= Informative site =

Example of parsimony informative sites. The sites 2 and 4 are informative, while sites 1 and 3 represent the two types of uninformative sites (invariable and singleton respectively). Site 2 indicates a grouping of Species A and C, while site 4 indicates a grouping of Species A and B. Because these two sites conflict, other analyses (such as maximum likelihood) are needed to resolve the phylogenetic tree of these four species.

In phylogenetics, informative site is a term used when maximum parsimony is the optimality criterion for construction of a phylogenetic tree. It refers to a characteristic for which the number of character-state evolutionary changes of at this site depends on the topology of the tree.
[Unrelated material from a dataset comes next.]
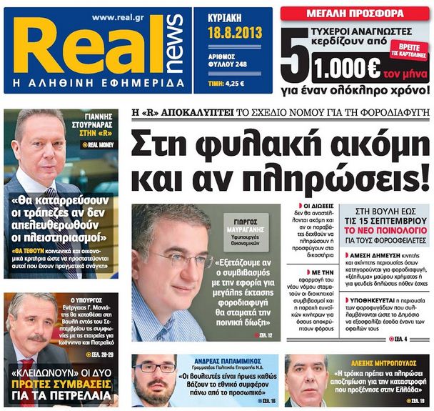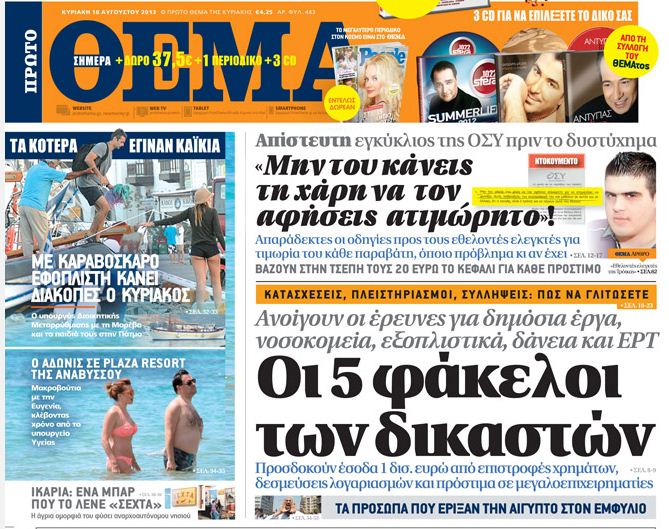 Κυριακάτικα πρωτοσέλιδα 18-8-2013

The characteristics can take on multiple types of data, including morphological (such as the presence of wings, tentacles, etc.) or molecular information such as sequences of DNA or proteins.
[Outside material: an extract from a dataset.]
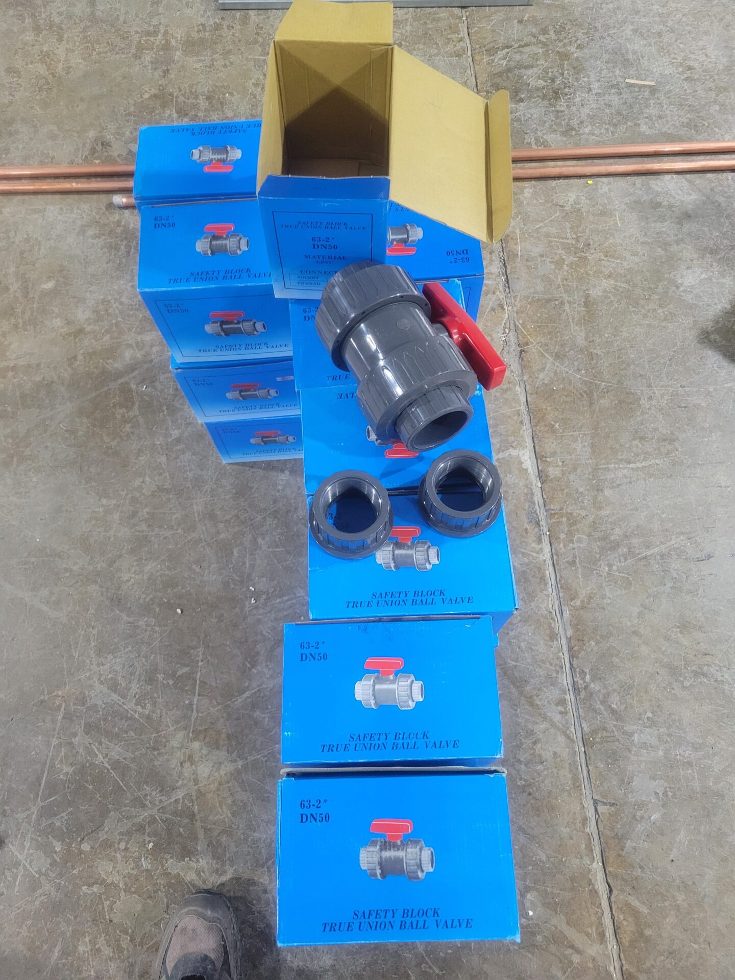 40 2in sched 80 union style ball valves. With socket and npt

The informative site is a position in the relevant set of aligned sequences at which there are at least two different character states and each of those states occurs in at least two of the sequences. In other words, it cannot be a fully conserved (i.e., invariable) site nor can it be a (singleton) site with a difference in only one sequence (as seen, for example, in single-nucleotide polymorphisms and single-nucleotide variants). In both cases, the number of character-state changes is the same regardless of the topology of the tree, equal to 0 and 1 respectively.